Action item
For this listing, the lines between the one holding "Kabupaten Klaten –" and the one holding "Das zweigeschossige Bürogebäude", inclusive, must be set down exactly.

Exercise input
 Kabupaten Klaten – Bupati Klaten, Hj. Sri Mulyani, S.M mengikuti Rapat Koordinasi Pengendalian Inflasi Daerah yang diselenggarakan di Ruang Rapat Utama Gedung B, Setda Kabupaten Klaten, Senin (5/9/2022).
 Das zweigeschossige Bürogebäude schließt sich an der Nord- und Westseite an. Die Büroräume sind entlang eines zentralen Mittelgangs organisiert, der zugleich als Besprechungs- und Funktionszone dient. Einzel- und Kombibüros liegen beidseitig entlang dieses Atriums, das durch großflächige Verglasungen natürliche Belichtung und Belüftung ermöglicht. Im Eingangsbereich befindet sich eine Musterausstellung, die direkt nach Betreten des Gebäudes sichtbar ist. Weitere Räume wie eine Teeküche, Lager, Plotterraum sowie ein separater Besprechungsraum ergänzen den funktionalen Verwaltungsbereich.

...

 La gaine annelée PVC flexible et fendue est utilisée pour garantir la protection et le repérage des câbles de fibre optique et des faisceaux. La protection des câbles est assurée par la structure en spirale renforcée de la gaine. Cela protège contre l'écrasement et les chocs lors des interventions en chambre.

...

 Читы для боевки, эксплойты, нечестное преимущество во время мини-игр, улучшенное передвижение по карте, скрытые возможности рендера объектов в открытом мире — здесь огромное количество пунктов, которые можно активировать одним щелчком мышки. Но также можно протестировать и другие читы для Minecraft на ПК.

Response
 Kabupaten Klaten – Bupati Klaten, Hj. Sri Mulyani, S.M mengikuti Rapat Koordinasi Pengendalian Inflasi Daerah yang diselenggarakan di Ruang Rapat Utama Gedung B, Setda Kabupaten Klaten, Senin (5/9/2022).
 Das zweigeschossige Bürogebäude schließt sich an der Nord- und Westseite an. Die Büroräume sind entlang eines zentralen Mittelgangs organisiert, der zugleich als Besprechungs- und Funktionszone dient. Einzel- und Kombibüros liegen beidseitig entlang dieses Atriums, das durch großflächige Verglasungen natürliche Belichtung und Belüftung ermöglicht. Im Eingangsbereich befindet sich eine Musterausstellung, die direkt nach Betreten des Gebäudes sichtbar ist. Weitere Räume wie eine Teeküche, Lager, Plotterraum sowie ein separater Besprechungsraum ergänzen den funktionalen Verwaltungsbereich.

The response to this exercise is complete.